During our first winter in Wisconsin, I distinctly remember taking a walk under a blue sky in a snow-covered field with my neighbor. I was bundled up in several layers and was shivering. The temperature was in the mid 20’s. “This is my favorite kind of weather,” she said. Then she added,” maybe even more favorite than summer.”
I think at that point I told her she was crazy. I remember thinking, who could ever like a day like this?
Now, three winters later, I have grown to like some winter days. I can almost agree that a 20-degree, blue-sky day is pretty wonderful. When the temperature is 30 or even 40 in the winter, it is notoriously overcast. Skies and fields are grey. Life seems dismal and drab, and because of the ever present Great Lake in our backyard, damp. But temps in the 20’s mean blue skies. Especially if there is no wind, it’s pretty great to tromp in the snow among evergreens.
Animal tracks are visible, and we can see who shares our land.
Birds chirp. And as long as I am wearing the right socks and warm mittens, and as long as I have a few layers and a warm coat, I am truly not cold. I can walk for miles in nearby fields and in the woods or at the water’s edge and revel in the quiet beauty of winter.
I am also learning to appreciate the different kinds of snow. Tiny flaked or big flaked.
Wet and heavy, or powdery like fine sugar. There is snow that drifts and makes patterns reminiscent of sand dunes or eroded rock.

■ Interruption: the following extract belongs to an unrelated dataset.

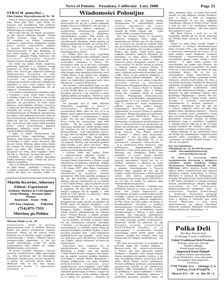 Page 21 News of Polonia Pasadena, California Luty 2008 STRACH pomyśleć... Głos Gminy Starozakonnych Nr. 30 Piszę te słowa na początku stycznia 2008 roku. Piszę jako Żyd i jako Polak, bo wszyscy moi przodkowie byli polskimi Żydami, a w powojennej Polsce przeżyłem kilkadziesiąt lat swojego życia. Był to taki sam los, ani lepszy, ani gorszy, na jaki zmowa jałtańska skazała Naród Polski, którego czuję się częścią. W rezultacie tej Polska, bohatersko walcząca z niemieckim okupantem została przez swoich sojuszników oddana w niewolę Sowietom na symboliczne, mickiewiczowskie 44 lata. Dodajmy, że tym, który chętnie i jak to się mówi za bezdurno sprzedał Polskę Stalinowi, był ówczesny prezydent Stanów Zjednoczonych, Franklin D. Roosevelt. Już wtedy my, polscy Żydzi, mogliśmy pomyśleć logicznie i z należytą uwagą popatrzeć na drugi brzeg Atlantyku. Ale gdzie tam; naiwni jak większość polskiego społeczeństwa liczyliśmy na cud, czekaliśmy na trzecią wojnę, która miała nas wyzwolić od sowieckiej okupacji. Upragnioną wolność miała nam zafundować Ameryka, w tym czasie jedyny kraj na świecie dysponujący argumentem nie do odparcia – bronią atomową. Czas mijał na potajemnym słuchaniu radia z Londynu i coraz mniej ludzi wierzyło w kolejną wojnę. A w Polsce wciąż trwała wojna, nie ta wykombinowana w naszych głowach, ale prawdziwa. To była wojna domowa, bezwzględna, okrutna i krwawa, w której po obu stronach ginęli Polacy. Dziś oficjalnie już wiemy, że zbrodnie władz komunistycznych na Polakach dokonywane na rozkaz i pod nadzorem Sowietów były de facto kontynuacją zbrodni Trzeciej Rzeszy i miały ten sam cel - unicestwienie polskich elit, tych, którzy jako jedyni mieli moralne prawo zostać przywódcami państwa polskiego: żołnierzy Armii Krajowej i resztek polskiej inteligencji. I tylko na takim historycznym tle, przeszłości kraju ogarniętego wojna domową, miał miejsce, pisać o STRACHU, od którego w czasie wojny domowej nikt nie jest wolny. Podczas takiej wojny każdy kto zastuka do twoich drzwi potencjalnie może cię zabić. Nie wiadomo, czy to przyjaciel czy wróg, choć wygląda i mówi tak jak ty. Wszyscy się boją tak samo – i wszystkich. Taka jest właśnie specyfika każdej domowej wojny i Polska nie jest tu żadnym wyjątkiem. Ale co to obchodzi Pana Profesora Grossa, on tylko kasuje pieniądze i śmieje się w kułak z naiwności ludzkiej. Też bym tak chciał, ale jakoś nie potrafię. Jedno, co Martin Krawiec, Attorney Ethical / Experienced Accidents - Business & Civil Litigation Estate Planning - Personal Injury Probate Real Estate – Trusts – Wills 2 1457 East Chapman Fullerton (714) 871-7331 Mówimy po Polsku Marian Polak ze str. 20 n i en as ycen i a, mi mo że p o zi o m przyswojonych wraz ze słodkim deserem kalorii już dawno przekroczył wartości krytyczne. Dzieje się tak zawsze, kiedy bierzemy się za jedzenie czegoś wyjątkowo wartościowego z punktu widzenia bilansu energetycznego organizmu. A jak już zostało powiedziane wyżej, bez pudła rozpoznajemy takie okazje po smaku. Słodkim smaku, oczywiście. Po prostu wszystko, włącznie z naszym własnym metabolizmem, jakby sprzysięgło się, żeby przekonać nas do konsumpcji pokarmów niezdrowych i mocno tuczących. A potem się człowiek dziwi, skąd w okolicach talii te ileś tam tysięcy zapasowych kalorii. Z plejstocenu, oczywiście. ❒ __________ Wiadomości Polonijne chodzi mi po głowie i plecach po przeczytaniu tej, po coś w końcu napisanej książki Grossa to STRACH. Ale nie taki, o którym napisał dobrze opłacany i pozbawiony elementarnego poczucia obiektywizmu socjolog z dyplomem amerykańskiej uczelni. Mój strach nie należy do przeszłości tak jak ten z lat czterdziestych ubiegłego wieku opisany na łamach głośnej dziś książki. Ja się boję TU i TERAZ, boję się o swoją przyszłość. I prz yszłość wsz ystkich Żydów mieszkających w Polsce. Ja, Polski Żyd nie chcę wyjeżdżać z Polski. Chciałbym tylko spokojnie umrzeć naturalną śmiercią i być pochowany na żydowskim cmentarzu w Polsce. Nu, powiedzcie sami czy ja tak dużo wymagam od losu? Czy ja chcę pieniędzy, orderów, zaszczytów, tytułów i jubileuszy? Nie! Ja tylko pragnę mieć spokojną końcówkę życia i lekką śmierć. A po śmierci być zakopany tam, gdzie moi przodkowie - w polskiej ziemi, na żydowskim cmentarzu przy ulicy Okopowej, w mieście Warszawa. Ale niestety, coraz bardziej boję, że mój sen się nie spełni bo jakaś niewidzialna ręka, a może Wielki Brat, co o wszystkim wie i decyduje, przysyła z tej Ameryki, a może trafniej byłoby powiedzieć, NASYŁA nam jakiegoś kolejnego dziwnego Żyda Made In USA. Na początek był to rabbi Michael Schudrich, oryginalny w mowie i zacho w aniu , z B roo klyn u cz yl i nowojorskich Bałut. (Kto nie wie, co to są Bałuty, niech zadzwoni pod pierwszy lepszy telefon z Łodzi, o przepraszam, z miasta Łodzi. Już mu tam wszystko wyjaśnią). Przez wiele lat wszyscyśmy tego rebe kochali . No bo wesoły, sympatyczny. Najwięcej kochały go młode polskie damy nie cierpiące na, jak to określali Niemcy, Rassenschande, czyli uprzedzenia rasowe. Ja tego rebe też lubiłem. Śpiewał modlitwy lekko, z uczuciem. Tylko słuchać było ciężko. Szczególnie ciężko było gdy zdarzył się pogrzeb. Stoimy nad otwartym grobem pełni smutku, a ten beczy jak koza - Boże pełen miłosierdzia. Jak w takich warunkach zachować niezbędną powagę? I żyliśmy sobie my, polscy Żydzi z importowanym rabinem wesoło i szczęśliwie, aż do 1997 roku. Wtedy to Związek Gmin Żydowskich w Polsce zaczął odzyskiwać od państwa polskiego majątki żydowskie, zgodnie z ustawą restytucyjną z 20 lutego 1997 roku. Stare, zniszczone synagogi, szpitale, mykwy, szkoły, natychmiast po przejęciu zaczęto sprzedawać. Dla Żyda sprzedać synagogę to tak jak dla Katolika sprzedać kości

There is snow that glistens and flashes like a million shards of light in the sun. Occasionally, the footprints from the day before seem to glow with an ethereal light as the afternoon light fades and it grows dusky.
So, until the polar vortex hit us a few days ago, I thought perhaps I was adjusting to Wisconsin winters. And then, two things happened. First, along with most of the upper Midwest, we have been housebound with the extreme cold and wind chills that are between -35 and -50. Even locals are staying in and admitting it’s cold.
Secondly, my neighbor ( the same one) told me with a little touch of sadness and nostalgia there were snows in her childhood when the snow piled as high as the telephone poles. “Those were good years,” she said, and once again, I felt like telling her she was crazy. I still have a ways to go, apparently, in adjusting to Wisconsin winters.